Sobald es Medikamente gibt , die dauerhaft die Produktion von Serotonin anregen oder operations Verfahren , werden Psychotherapie wohl überflüssig sein.
Mein Arbeitgeber hat bereits einige neue Durchbrüche in der Behandlung diverser Erkrankungen erzielt. Neue Behandlungsmethoden werden kommen. ....

20.06.2015 13:08 • #49


Zitat von Serthralinn:
Dass Antidepressiva ihre Wirksamkeit verlieren kann ich nicht bestätigen.

Es muss auch nicht auftreten. Gibt Leute, die kommen Jahrzehnte mit ein- und demselben Medikament und Dosierung aus.
Gibt aber auch andere Fälle.

Zitat:
Sobald es Medikamente gibt , die dauerhaft die Produktion von Serotonin anregen oder operations Verfahren , werden Psychotherapie wohl überflüssig sein.

Halte ich jedenfalls für 100x wahrscheinlicher als umgekehrt.

Zitat:
Neue Behandlungsmethoden werden kommen.

Er erinnere mich noch an so ein Antidepressiv-Spray für US-Soldaten.
http://www.businessinsider.com/suicide- ... 012-8?IR=T

20.06.2015 13:47 • #50


Ganz schön heftig was hier so geschrieben wird. Ich denke mal daß alle, die Panikattacken oder Depressionen bekommen haben, verharren nicht nur auf den Medikamenten und leben froh weiter. Ich kann für mich selber sagen, daß ich sehr viel getan und versucht habe. Ich kenne die Gründe das genau, warum ich Panikattacken bekommen habe. Aber das Leben ist leider kein Ponyhof, daß ich so einfach die Gründe dafür abstellen kann. Denn so leicht ist das Leben leider nicht.

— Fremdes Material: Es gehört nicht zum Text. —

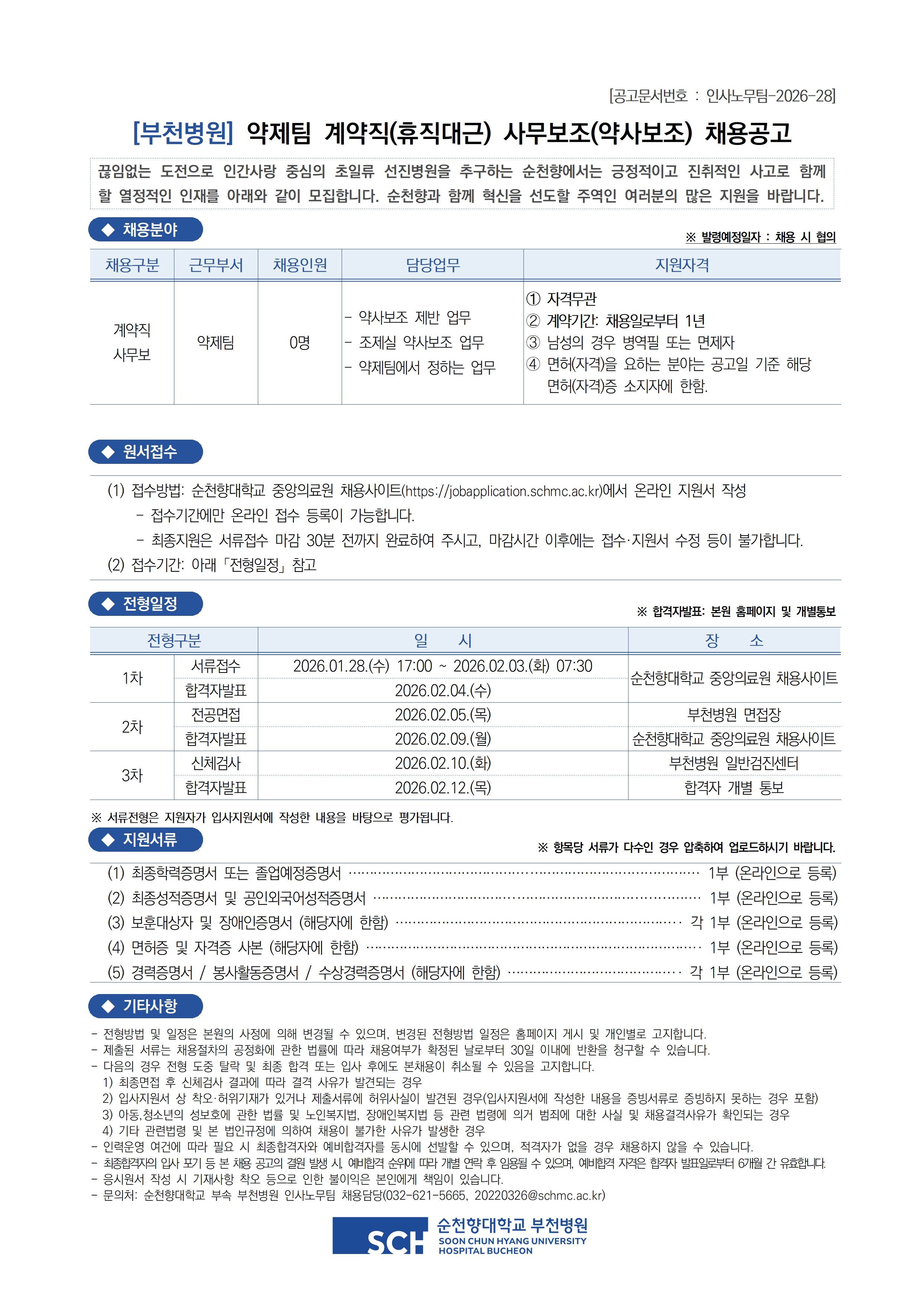 ¾àÁ¦ÆÀ °è¾àÁ÷(ÈÞÁ÷´ë±Ù) »ç¹«º¸Á¶(¾à»çº¸Á¶) ä¿ë°ø°í
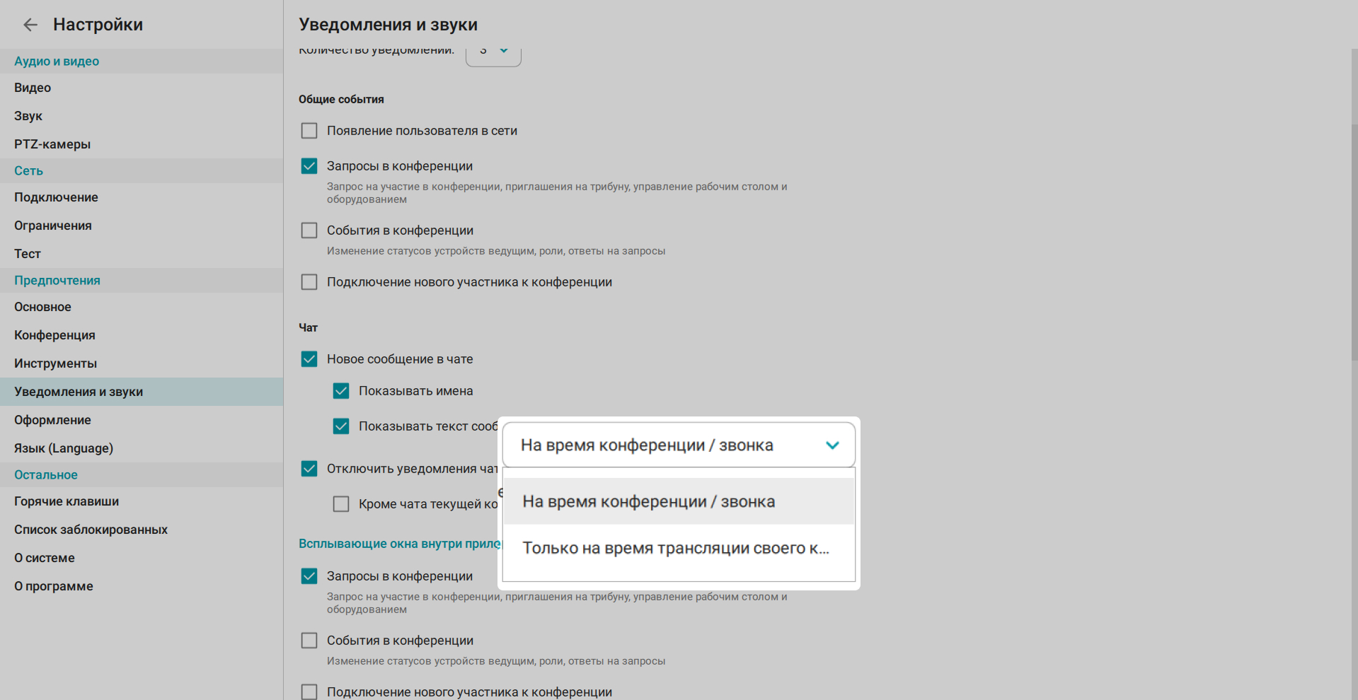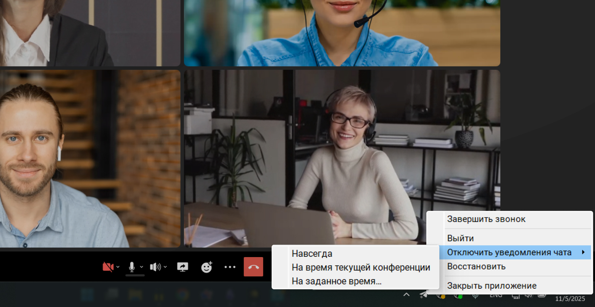 Помимо этого, можно отключить уведомления из всех чатов на время текущей конференции или на заданное время, что поможет лучше сфокусироваться на рабочих задачах и созвонах.

Ich habe verdammt viel kämpfen müssen in meinem Leben. Das fing schon als kleines Kind an. Das alles hier zu erörtern, würde die Zeilen sprengen. Ich kann nur sagen, daß ich immer kämpfen mußte, um alles. Irgendwann kann der Körper, oder die Seele, einfach nicht mehr.
Leider erlaubt mir das Leben nicht die Dinge zu ändern, die mich in die Krankheit getrieben haben.
Und ich habe auch sehr viel versucht um von den Medis loszukommen. Therapie versucht, dauernd einen Therapeuten versucht zu finden, die für meine Probleme ausgebildet sind. Leider sind die in der nächstgrößeren Stadt angesiedelt, ich kann es mir nicht leisten regelmäßig dorthin zu fahren.
Ich habe in Selbsthilfegruppen versucht Hilfe zu finden, ich habe mit anderen Betroffenen Kontakt. Ich kann hier die Liste auch noch lang weiterschreiben.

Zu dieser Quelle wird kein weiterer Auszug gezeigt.